I've proven to myself and to the world that through hard work, patience, diligence, and good fortune I could overcome the obstacles life, and my Aspergian brain, put in my path.
Every expression and gesture means something. It's sometimes hard to figure out what the meaning is, but it always exists.
When today's brain scientists talk Asperger's, there's no mention of damage – just difference.
The hardest thing about having Asperger's is that we don't look any different from anyone else on the outside. So why would anyone suspect that we are different on the inside?
Asperger's is part of a broad spectrum of human behavior, with extremely disabled autistic people at one end and the teeming mass of undiagnosed humanity at the other. All of us fall somewhere on this imaginary behavioral continuum.
Professionals have coined the word "neurotypical" to describe any human who does not have some form of autism.
The brain differences that make us Aspergian never go away, but we can learn two important things: how to play to our strengths and what to do to fit in with society.
Learning how to get along with other people is vital for our own success and happiness.
Competence excuses strange behavior.
I learned to accept the way other people do things even when I'm sure that they are wrong. By learning to let other people make their own choices, and their own mistakes, I avoided antagonizing them and I stopped making enemies for no good reason.
Your own rituals are okay as long as they don't interfere with your responsibilities in daily life, or make you the subject of teasing or ridicule. Rituals become a problem whenever they prevent you from doing the stuff you're supposed to do, or when they get you in trouble.

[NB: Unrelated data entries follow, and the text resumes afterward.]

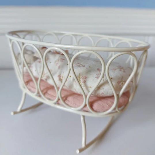 cuna con aire romántico para los ratones y conejos más adorables del planeta. Su tamaño micro lo hace perfecto para ratones y conejitos pequeños de la marca Maileg. Dormir y soñar con las estrellas será sencillo en esta cuna balancín de metal esmaltado en blanco roto y colchón y manta de algodón.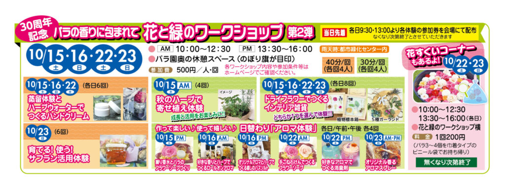 開催場所は、バラ園のずーっと奥の休憩スペース(雨天・強風時は都市緑化センター内)。参加料はワンコインの500円(材料費も含みます)。当日、9時半、13時より当日開催の各ワークショップの参加券を開催場所にて販売します。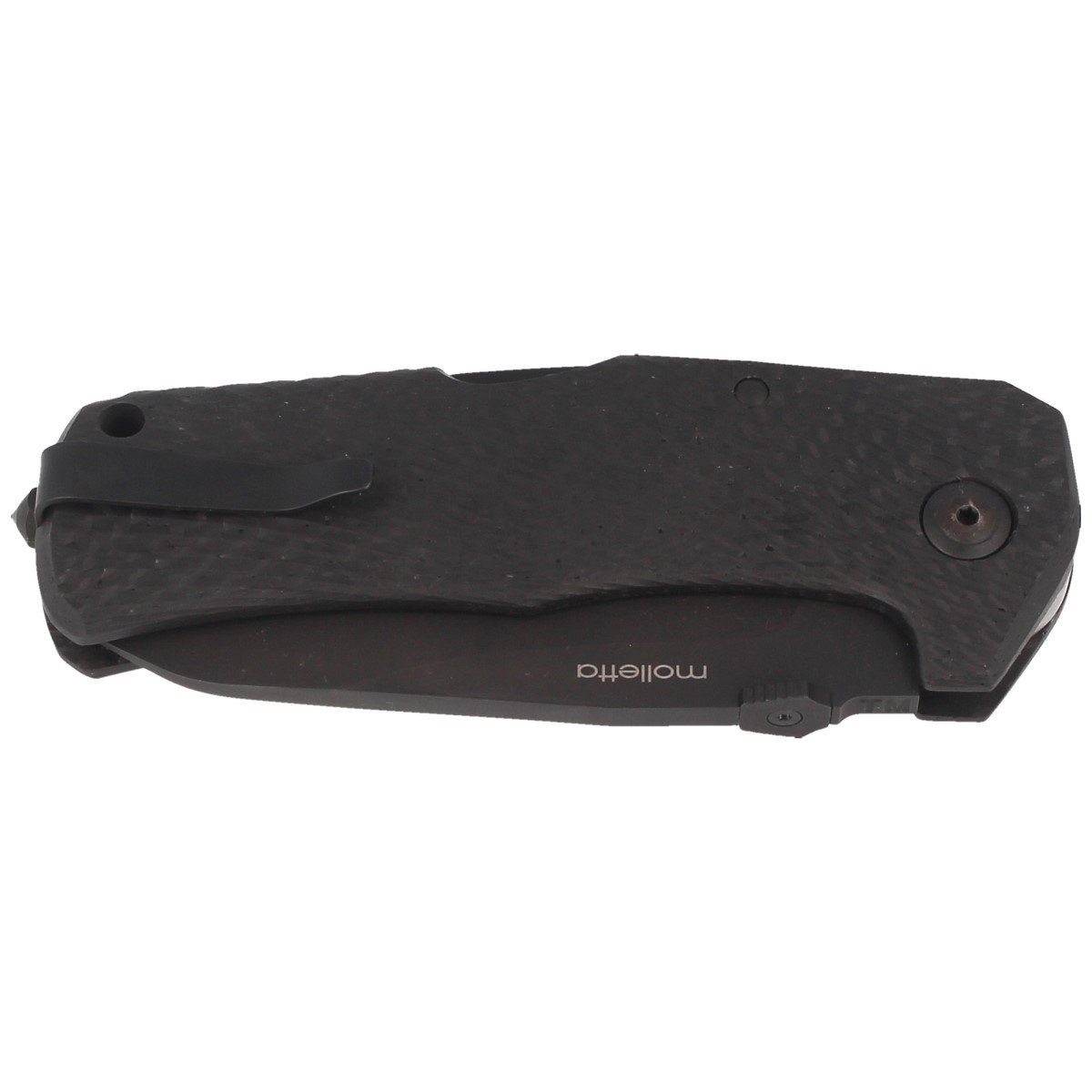 TM1 Carbon Fiber, Black Blade nóż składany E.D.C. włoskiej manufaktury LionSteel w technologii Solid® Knife. Lekki, mocny oraz łatwy w przenoszeniu. Jedyny folder z technologią Solid wyposażony w blokadę Back-Lock, był nie lada wyzwaniem, biorąc pod uwagę zastosowanie włókna węglowego do monolitycznej, jednoczęściowej konstrukcji rękojeści.
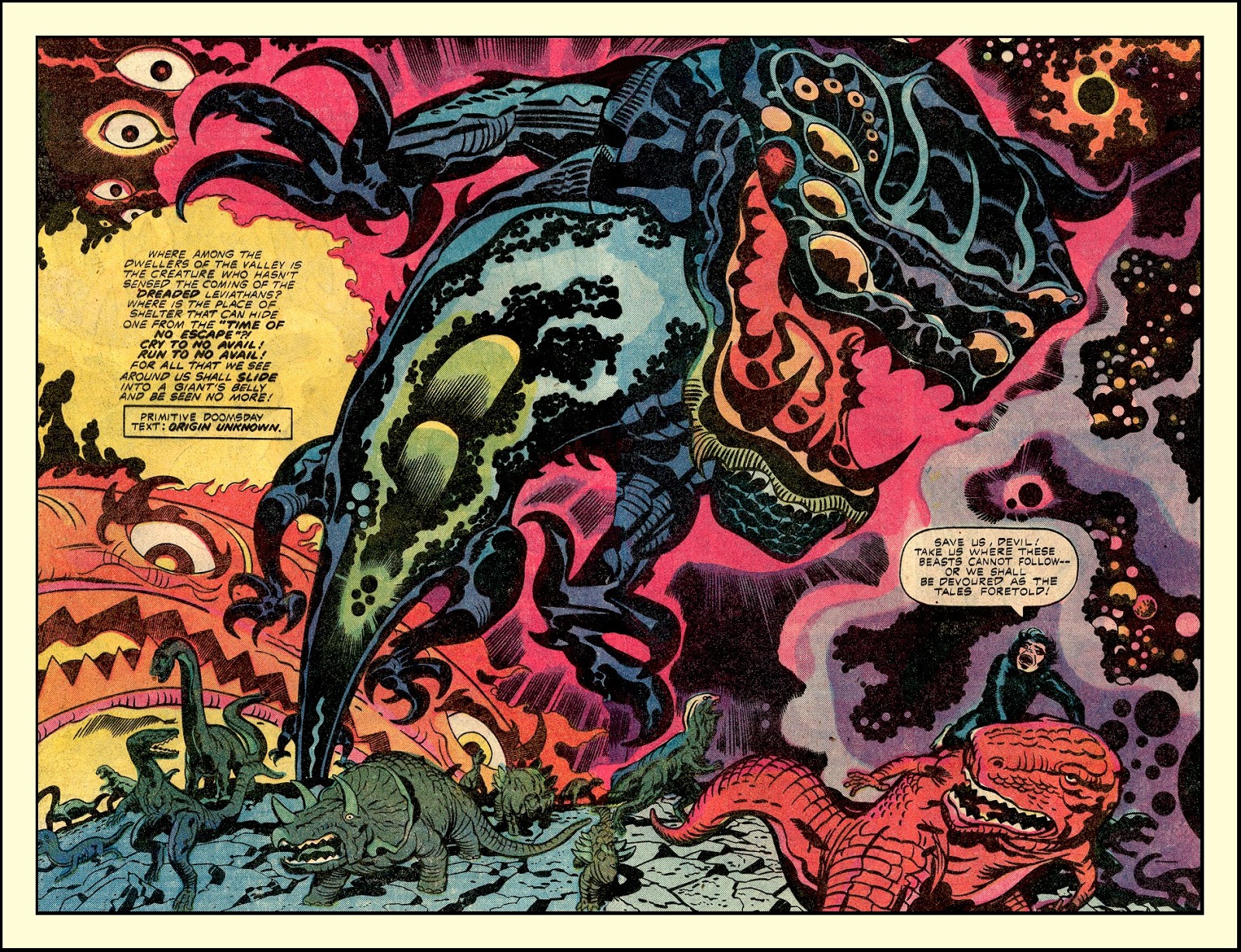 But when we’re discussing comics and cartoonists, whether it’s comic books or comic strips, it’s rare to hear a mention of the role of color on the work.( except, perhaps, in service to some sort of “realism”i.e., in the service to volumetric rendering, as in the work of Alex Ross.) As fans, we often look at those wondrous printed pages by Jack Kirby, particularly those from the late 60’s on, dazzled by Kirby’s graphic power and pop art energy, with nary a word about the role of color in the success of those images.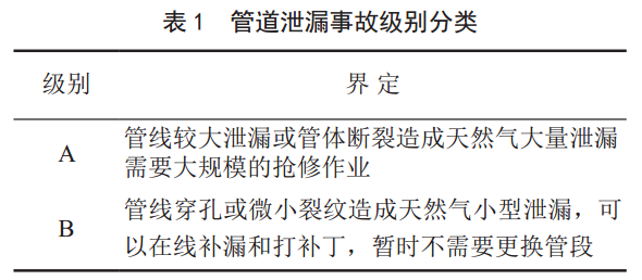 依據(jù)《國家安全生產(chǎn)管理局石油天然氣搶險(xiǎn)應(yīng)急預(yù)案》《石油天然氣管道安全規(guī)范》(SY6186-1996)、美國聯(lián)邦法規(guī)49CFR192對危害預(yù)防程序和應(yīng)急計(jì)劃的要求,以及管線失效機(jī)理的估算,確定管線泄漏事故級(jí)別(見表 1)。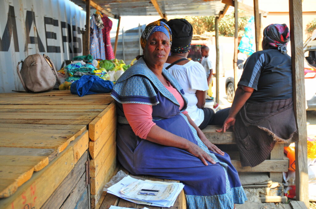 Nokukhanya Mguca at her stall in Lusikisiki. She is waiting for her claim for financial compensation to be processed by the Tshiamiso Trust. Mguca has resorted to selling vegetbales and fruit in Lusikisiki town in the Eastern Cape to support herself and her family. Her children have had to drop out of school and seek alternative means of survival. Photo: Lucas Ledwaba

Eventually I came to understand that I benefited from compliance with the social rules, even when they seem illogical, wasteful, or nonsensical.
When in a strange social situation, I watch the others and do as they do.
I have to act in ways that make people hang around long enough to see my good side.
If you don't have anything nice to say, just keep your thoughts to yourself.
Do not talk about someone else's appearance unless it's a compliment.
Learn to coexist peacefully. Even if you can't make friends, don't make enemies.
The more different you are from other people, the more likely you are to solve problems in a unique way.
Greatness happens when you find your unique strengths and build upon them. Building up a weakness just makes you less disabled.